When the ipsilateral afferents were deactivated, no fluorescence increase was discernible in response to a chirp in any region of the neuron (Fig. 8aii, cii, d); peak ΔF/F in the dendrite was reduced to 0.07 ± 0.01%; in the axon, to 0.05 ± 0.01%; and in the SGZ, to 0.02 ± 0.01% (Fig. 8d). This implies that all Ca2+ increases to acoustic stimulation are due to ipsilateral excitatory inputs to the dendrites of ON-1 and that contralateral inhibitory inputs do not induce a Ca2+ change.
Forward masking in ON-1
In the auditory interneurons of bush-crickets (Triblehorn and Schul 2013; Presern et al. 2015), and crickets (Sobel and Tank 1994; Baden and Hedwig 2007), acoustically induced Ca2+ increases drive the activation of Ca2+-sensitive K+ channels to cause a short-term reduction in spiking. This provides forward masking; a period of time after a stimulus in which the response to a subsequent stimulus is reduced. To test for forward masking in ON-1, pairs of chirps were presented at intervals of 200–1000 ms (350 ms, Fig. 9a).

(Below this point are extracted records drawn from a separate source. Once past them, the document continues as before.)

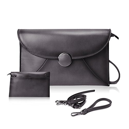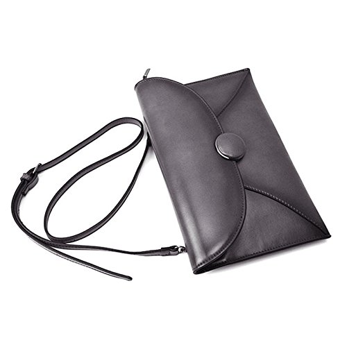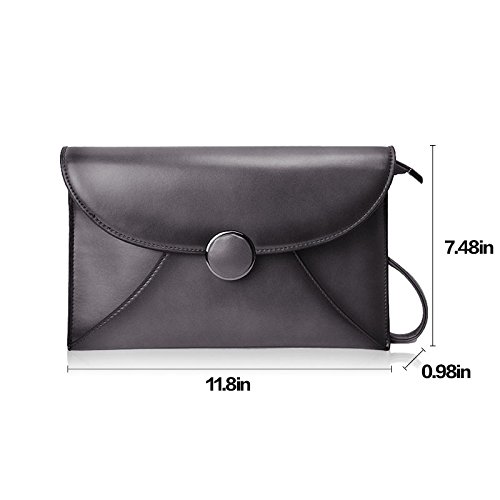 -. Feature : Smooth Space Grey Hardware, big button snap closure, no rust, P.R.Ime / Premium cowhide leather with waxing and oiling finish, tidy polyester interior, soft hand feeling / Structures: 1 large compartments for smartphones under 6 inch, small makeups, wallet case; 1 hidden zipped pocket; 1 side pouch / Versatile Clutch Wristlet / Shoulder Crossbody Purse, two removable leather strap for better convenience and versatile carrying / [Medium SIZE]: 11.8''(L) x 0.98''(W) x 7.48''(H), fits for smartphones, mini tablets, etc. The Shoulder Strap is about 49" long, fully adjustable
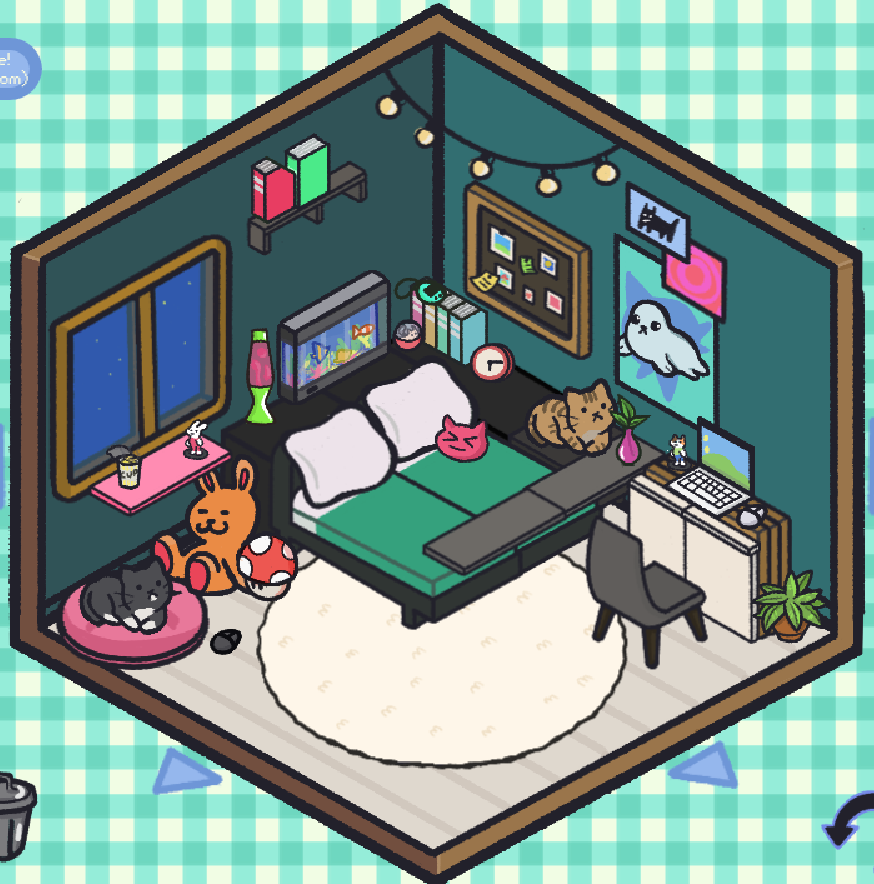 This game is so cute!!!!!! This is how I want my future room to look, with dif posters, cats, and plushies ofc. but I love this game so much <3333333 Have a good day chat :) :D :P
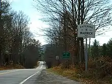 According to the United States Census Bureau, the town has a total area of 37.6 square miles (97.5 km2), of which 37.3 square miles (96.7 km2) is land and 0.31 square miles (0.8 km2), or 0.83%, is water.[5] The geography of Warwick is dominated by Mount Grace. This mountain is located in the center of town and has a network of hiking and cross-country ski trails. Most of the mountain is owned by the state (as part of Mount Grace State Forest) and open to the public. The Metacomet-Monadnock Trail passes over the 1617 foot (493m) summit. Approximately a third of the town's land is protected as part of the Warwick State Forest thereby offering a variety of outdoor activities for the public. There are several ponds, some created by dammed brooks in Warwick, including Moores Pond, Sheomet Lake, Laurel Lake, Wheeler Reservoir, Richards Reservoir, Hastings Pond and Stevens Swamp, a mosaic of wetlands. A small wildlife management area is also located within town. The Mount Grace Land Conservation Trust, which was founded by Warwick resident Keith Ross in 1986, pays homage to the mountain by dint of its name, though its land protection activities take place in 23 municipalities.[6]
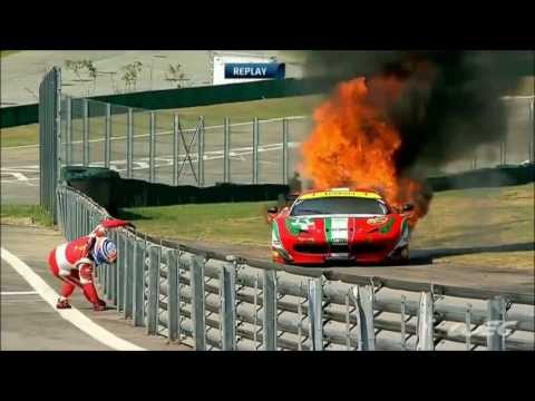 Во время 6-часовой гонки мировой серии World Endurance(WEC 2013 6 Hours of Sao Paulo), проходившей на Интерлагосе вдруг загорелась гоночная AF Corse Ferrari 458 Italia под номером 71 финского пилота Тони Виландера.
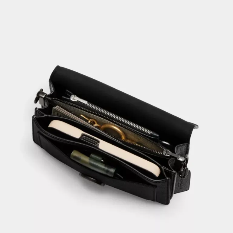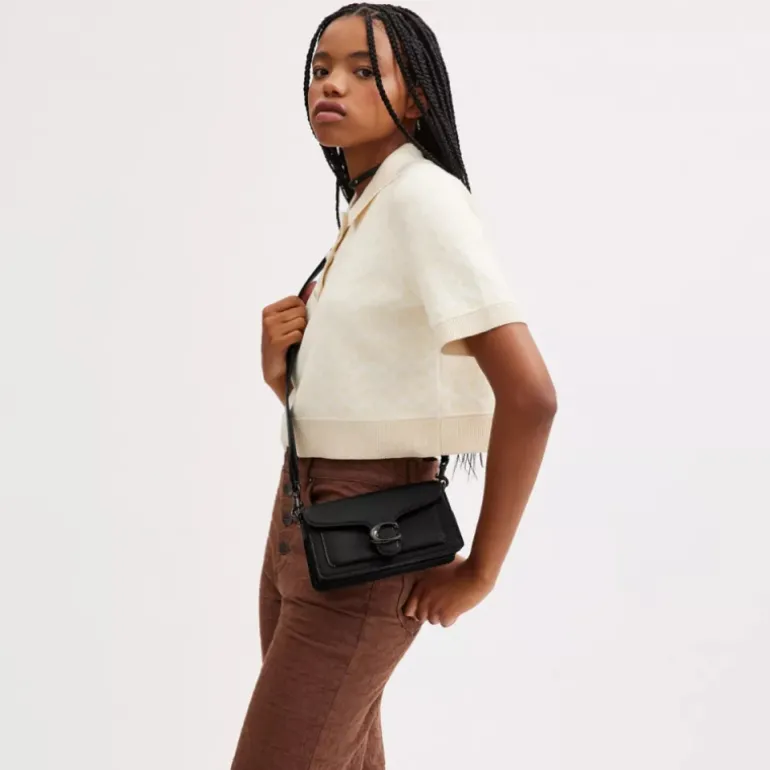 Unsere strukturierte Tabby Schultertasche ist aus poliertem, strukturiertem Leder gefertigt und orientiert sich an einem Coach Design aus den 70er-Jahren. Die zierliche 20 ist kleiner als die 26 und mit zwei abnehmbaren Riemen ausgestattet. Sie kann in der Hand, als kurze Schultertasche oder als Umhängetasche getragen werden. Für einen ikonischen Look ist sie mit unseren Signature-Metalldetails abgerundet.
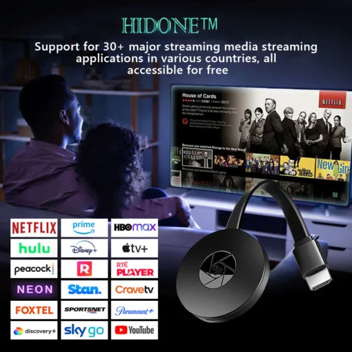 Meet the HIDONE™ TV Streaming Box. It’s a compact box that connects to your TV’s HDMI port. Since most TVs worldwide have had an HDMI port since 2003, it’s widely compatible. Once connected, the box functions like a satellite, granting access to a vast range of TV channels and streaming apps, including premium ones.
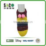 Yellow Brown Navy Contrast Color Stripe Acrylic Floor Footie With Pink Pom Pom
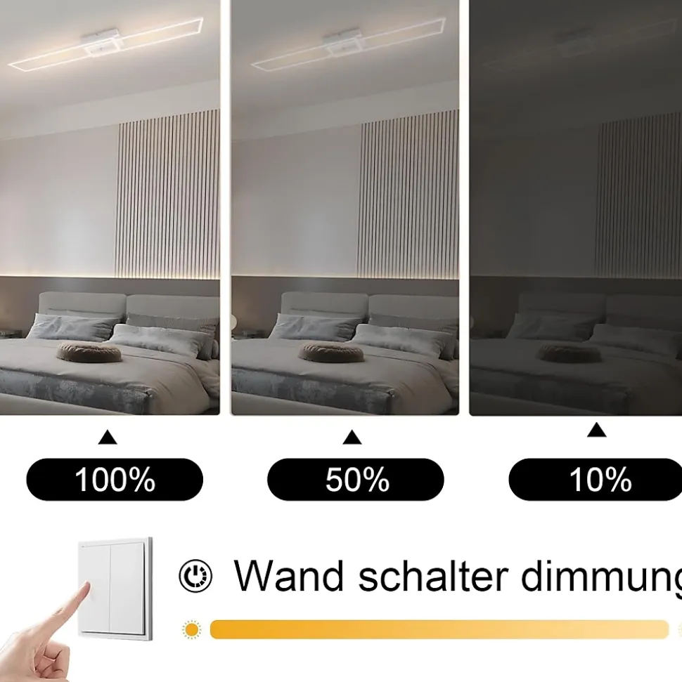Design moderneCe plafonnier LED rectangulaire double dispose d’un cadre extérieur pivotant et d’une barre lumineuse pour une couverture lumineuse optimale et un design moderne.Réglage multifonctionnelLa luminosité est réglable de 10% à 100% via l’interrupteur mural. La température de couleur est fixée à 3000 K. Le plafonnier dispose d’une fonction mémoire pour restaurer le dernier réglage (télécommande non incluse).Matériaux sélectionnésFabriqué à partir de matériaux métalliques durables et élégants, ce plafonnier offre une bonne dissipation thermique. Les puces LED garantissent une transparence élevée, un rendu des couleurs précis, sans éblouissement ni scintillement pour protéger votre vue.Dimensions et spécificationsTaille : 102,5 x 18,5 x 7,3 cmPuissance : 32 WTension : 220-240 VIndice de rendu des couleurs : 80+Installation facileLe produit est livré avec toutes les pièces et instructions nécessaires pour une installation simple dans divers scénarios (salon, chambre, cuisine, salle à manger, bureau, etc.).Mode d’emploi de l’interrupteur muralAllumer la lumière.Réglage de la luminosité : après 10 secondes, choisir une luminosité préférée.Éteindre pendant 1 seconde puis rallumer pour fixer la luminosité.Changer la température de couleur : allumer pendant 1 seconde, éteindre puis répéter le processus pour choisir une nouvelle luminosité.Fixer la température de couleur : après avoir choisi une luminosité préférée, éteindre pendant 1 seconde puis rallumer.

To test for any effect of contralateral inhibition on forward masking, the response to a chirp after 200 ms interval was compared in a control condition and when the contralateral afferents were cold deactivated. In the control condition the spike count to the first chirp was 14.9 ± 1 reducing to 8.3 ± 1.1 spikes to the second chirp (p = 0.01, paired t-tests, N = 4). When the contralateral afferents were cold deactivated, the number of spikes to the first chirp increased to 23.4 ± 4.5 spikes, reducing to 15.8 ± 2.7 spikes in response to the second chirp at 200 ms interval (Fig. 9b, p = 0.05, paired t-test, N = 4). In both cases the drop in spike count gradually reduced with increasing chirp intervals (Fig. 9b). This indicates that in ON-1 ipsilateral mechanisms contribute to forward masking which is in line with the activation of Ca2+ -sensitive K+ channels. Besides this, adaptation in the auditory afferents may also have an impact (Ocker and Hedwig 1993; Nabatiyan et al. 2003), although this was not tested.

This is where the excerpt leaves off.